# Auto-play video advertisements



## Gai-jin (Feb 28, 2000)

Today when I first opened www.tivocommunity.com I got an video ad on the right side that started playing automatically when the page loaded.

Normally I keep my audio all the way down, so maybe these aren't new. I just happened to have had my audio turned up for something else I was watching recently, and didn't turn it down again. Regardless, it's really bad form to have auto play video/audio ads on a web page. I know personally it really leaves a bad taste in my mouth about whatever the website is. At some point, I'm going to take one of 2 actions in response to a web site with obnoxious ads -- Either i will avoid the web site in the future, or I will turn on an ad blocker for that site so that the ads don't load. I try not to use ad blockers too aggressively, since I don't mind a few simple ads on a page and I know it supports the sites I like, but when a site goes over the top with far too many ads or obnoxious ads such as auto-play audio/videos, I will turn them on/up for that site.

Please, stop the auto-play ads. Or at least have them muted by default. It's really poor taste to have surprise audio blasting from your website as soon as it loads, and in the long run will hurt you more than it will help.


----------



## Peter Redmer (Jan 2, 2008)

Hey Gai-jin,

We recently implemented these on the site, and they're intended to be seen only by "guests" and not registered users, at least for now.

I'm guessing that this was shown to you when you hit the page before you logged in. Is this correct? If not, I need to investigate. Let me know.

Also, one way to avoid this would be to save your password for the site in a service like LastPass that will auto-login for you, thus automatically meaning you should never see it.

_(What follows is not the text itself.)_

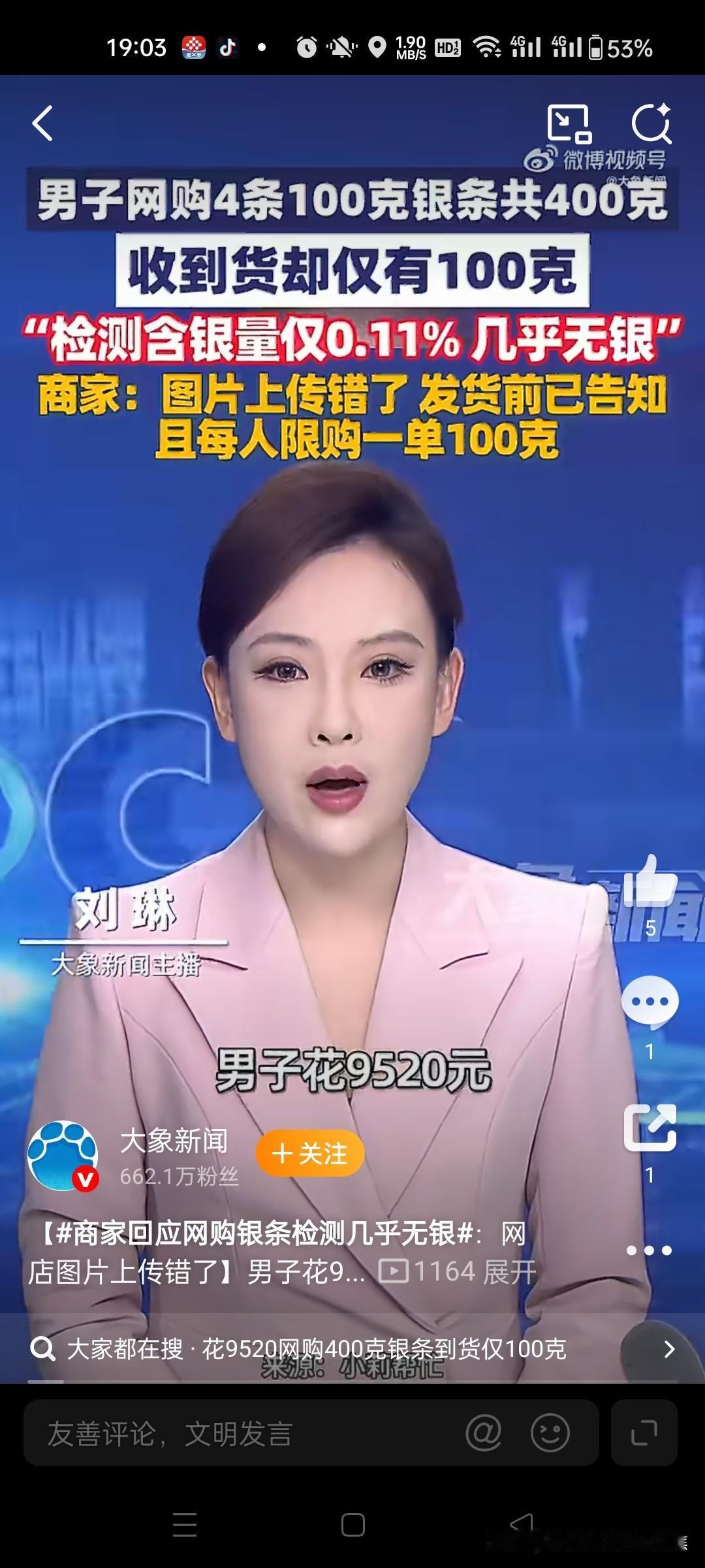 网购来的银条含银量低至0.11%, 河南郑州一男子花费9520元网购400克投资银条,实际仅收到100克货物,经专业检测含银量低至0.11%,商家辩称“商品图片上传错误”,但消费者否认事前获告知,涉事店铺已关闭跑路。 事件核心经过 欺诈事实明确 该男子购买的400克银条实际仅收到100克,通过光谱检测发现含银量仅为0.11%,几乎可视为无银制品(主要成分为锌、镍合金或黄铜)。按当日银价计算,实物价值不足支付金额的1%。@小莉帮忙14 商家推诿责任 商家回应称“网店图片上传错误”,并声称“发货前已告知客户”,但消费者表示未收到任何提示。平台介入后,涉事店铺迅速关闭,消费者面临追责无门的困境。@大象新闻227 同类骗局高发 假货泛滥:近期多起案例显示,网购白银存在严重造假,如广西消费者花1550元购“99.99%纯银条”,实测为62%铜+34%锌合金;直播间69.9元“100克足银”实为镀银锌合金。@我苏特稿1619 伪造凭证:商家常附虚假鉴定证书(网上1元可定制),利用密封包装阻碍验货。@九派新闻23 低价陷阱:标价远低于国际银价(如12元/克成本的商品售0.7元/克),以“冲销量”“福利价”诱导下单。@静静爱生活吖...16小莉帮忙大象新闻tokuneco我苏特稿九派新闻红网北京时间静静爱生活吖A 行业乱象与风险 造假手段升级 技术隐蔽:假银条采用“包银”工艺(铜芯镀薄银层),普通检测难以识别,需破坏性测试或专业光谱仪。@北京时间11 话术误导:直播间主播强调“足银999”“假一赔十”,商品页却用小字标注“银工艺制品”。1646 维权难度极高 商家采用“打一枪换一地”模式:投诉后迅速注销店铺,换名重新运营。@红网29 平台赔付有限:多数案例仅支持退款,赔偿上限不足实际损失10%(如假一赔十难执行)。@封面新闻 投资风险加剧 价格波动套利:部分商家借白银暴涨(2026年1月涨幅超60%)拖延发货,待银价回落再履约或强迫消费者取消订单。@红星新闻1541 实物交割陷阱:实体店银条需“整公斤起购”,且部分囤货商拒售现货,加剧流动性风险。@都市频道18许泽玮说封面新闻红星新闻梨视频都市频道 消费者防护指南 选购渠道 优先选择银行、品牌金店实体渠道;线上认准官方旗舰店或认证商户,核查企业经营资质。435 警惕“白菜价”商品:单价低于当日银价80%即存疑(如2月银价约25元/克)。1846 验货与证据留存 收货后立即复检:通过专业机构检测纯度,保留交易记录、开箱视频。124 验证证书真伪:查询鉴定机构官网或扫码溯源,确认CMA/CNAS资质。2912 维权路径 向平台投诉并申请信息披露,用于民事诉讼。10 涉案金额超5000元可报警立案(涉嫌诈骗罪)。28 集体投诉:通过黑猫平台或12315联动举报,推动监管部门溯源打击。29 ⚠️ 风险提示:贵金属投资需谨慎,非专业投资者建议通过ETF等金融产品间接参与,避免实物交割风险。直播间购物留存录屏证据,防商家话术欺诈。336多米鱼贝贝陈陈陈陈陈梦想

You could also navigate straight to another page, as it's only on the homepage and FAQ pages at the moment.

Cheers, Pete


----------



## Peter Redmer (Jan 2, 2008)

Pre-emptive response 

I changed another setting which could have interfered with it being hidden for registered members. You shouldn't see it now.


----------



## Gai-jin (Feb 28, 2000)

Thanks. I am on an iPhone right now, I will check for the ad next time I am on a pc. I do use lastpass and have it set to auto login, so i guess the page could have finished loading before it signed me in, then it would have reloaded right away as it logged in, so I don't think that was it.


----------



## Gai-jin (Feb 28, 2000)

I'm not getting the auto-play video today. Thanks for fixing it!


----------



## JosephB (Nov 19, 2010)

It's extremely bad form to have auto-play ads period. Please, for the sake of your users, consider not having auto-play ads for unregistered users.


----------